ちゃっちゃと潜り抜けて、お茶の一杯でも要求してやる。
というか。
入ってみたい。
ふん、ヘンなものを置いて萎えさせる腹積もりなんだろうが、私の心は逆にわくわくしているぜ。
こんな立派な土管に入らないなんてのがどうかしてるんだ。
さあどこに繋がるのかな?
何故だか香霖堂の見慣れた風景なんてものは無い気がしてきた。
土管を潜った先は地下世界か、或いはどこかにワープし、巨人の国とか水の国とか、そんなマップに出るのかも。
行く手を阻むおかしな花が出てくる気もしてきたけれど、この魔理沙さんにかかってみればチョチョイのチョイさ。
待っていてくれ、桃の姫。
待っていろよ、亀の王。
私は必ず姫を救い、亀を倒して、平和を取り戻すんだ。
意気揚々、私は四つんばいになって土管の中を突き進み――
ずぼっ。
○
「つまり、往々にして土管とは潜ってみたくなるものらしい。

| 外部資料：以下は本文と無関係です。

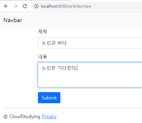 기사에 제목 값과 내용 값을 전달한 후 기사를 반환합니다.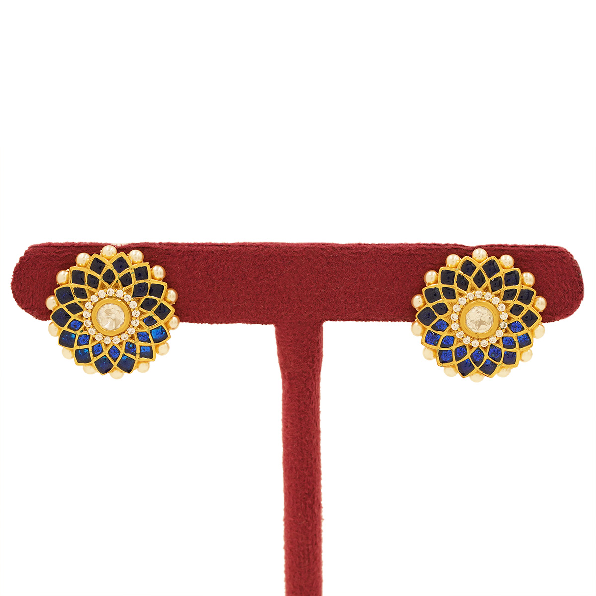 DESCRIPTION - ELEGANT GOLD-TONE FLORAL STUD EARRINGS WITH GREEN ACCENTS AND A RADIANT CENTER STONE. PERFECT FOR FESTIVE, WEDDING, AND EVERYDAY WEAR.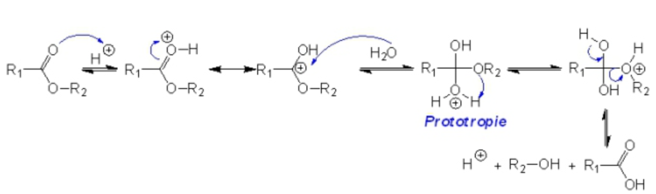 Solution Pucca Posted March 12, 2023 Solution Posted March 12, 2023 il y a 11 minutes, ArtiPasChaud a dit : Merci beaucoup !! Je suis désolé mais j'ai encore quelques question ^^' , Pour l'hydrolyse acide, le OH du groupe carbox , est-ce qu'il vient de H2O ? qui a donné H+ et OH- Avec plaisir, et oui en qq sorte mais il a pas vraiment donné H+ et OH-, je te mets un schéma qui détaille tout que j'ai trouvé sur internet. Après c'est pour comprendre ce qui se passe mais honnêtement pas besoin même de le savoir, retiens surtout que tu peux passer d'un ester à un ac. cabox + alcool par hydrolyse acide. il y a 13 minutes, ArtiPasChaud a dit : Et j'ai un peu la même question pour l'alcool du coup mais pour son OH Pour passer de la cétone à l'alcool là oui par contre c'est bien H2O qui s'est décomposé en H+ et OH- et le H+ qui est venu se brancher sur le O déjà présent. Fabulo 1 Quote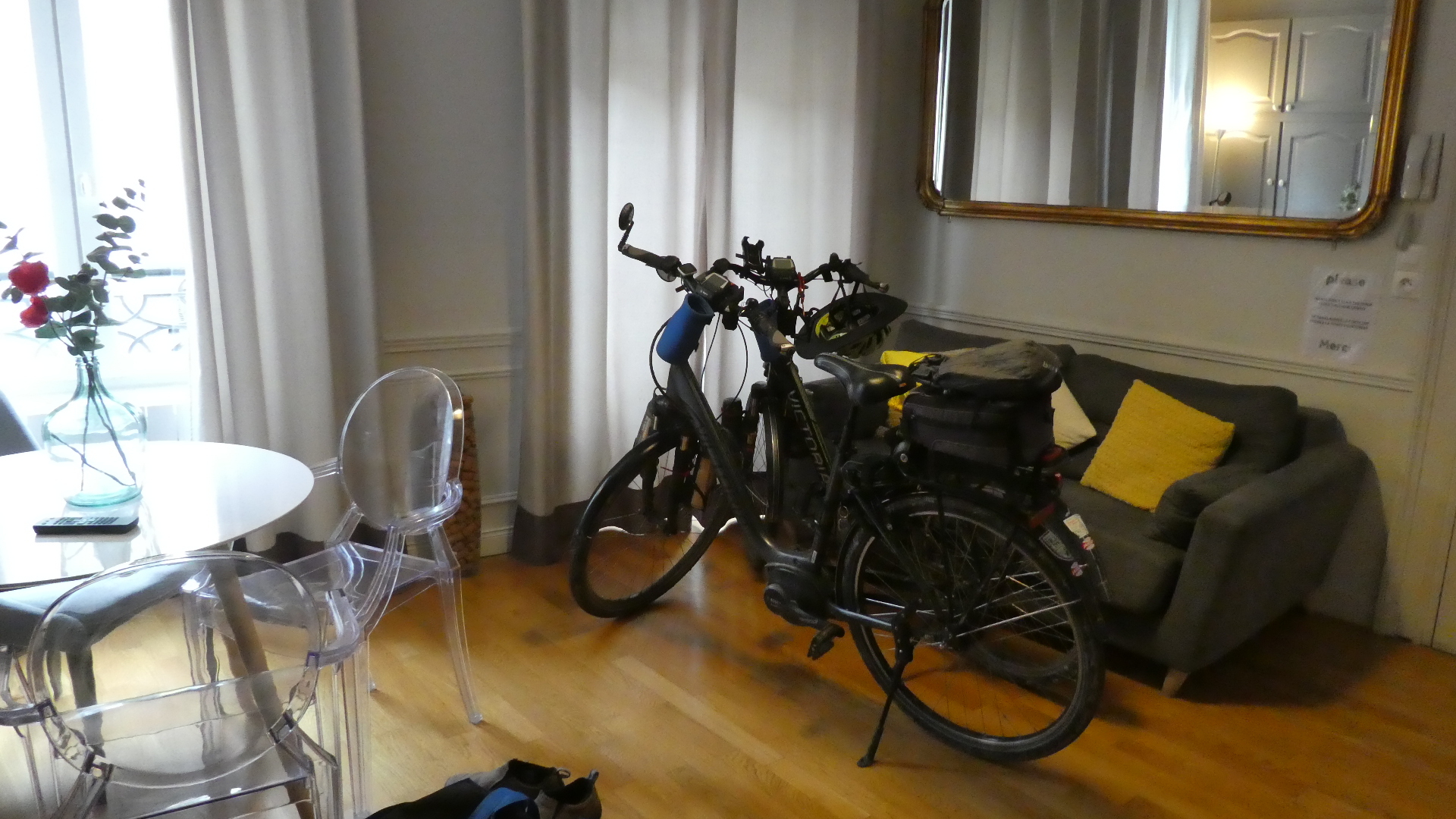 Our apartment (the one found by Booking after our first one cancelled out) was right by the shopping area. Only thing, the owner refused to have bikes inside, and there was no other place for them. As you see, we slightly twisted his arm.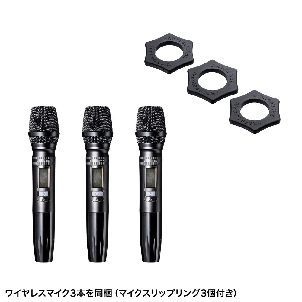 ●ワイヤレスマイク3本を同梱しており自由に移動しながらの同時使用が可能です。別売りの有線マイクを追加することで最大マイク4本まで同時利用することが可能です。

これはある配管工の男の例からして明らかだ。
好奇心というものを完全に封殺できる者などいやしないさ。
特に人間は命が短いが故、あらゆる知識を得るのに急ぎすぎるきらいがある……と考えると」
なるほど確かに。
デグチ・ホソナールは、単純にして極めて有効な罠だ。
僕はいつも日記を記述するのに使用している小さな手帳にペンを走らせながら、ひとり得心していた。
明らかに違う出口の穴に関しては、遠近法が味方し、これでなかなか気付かないものらしい。
罠である事に気付かず、魅力的な石造りの筒の誘惑に耐え切れず入ってみたら――アウトだ。
「好奇心は猫をも殺す……よく言ったものだよ。いや、この場合は少女かな。猫なら通れるしね」
「こ、香霖! おい出せよ! おいったら!」
デグチ・ホソナールの細い出口からは、魔理沙の黒帽子を被った頭だけがぴょっこり飛び出ている。
まるでてるてる坊主だ。
胴体は当然だが出てこれはしない。狭すぎる。
ということでがっちり挟まってしまった魔理沙は、頑張って身をよじりながらやかましくわめいている。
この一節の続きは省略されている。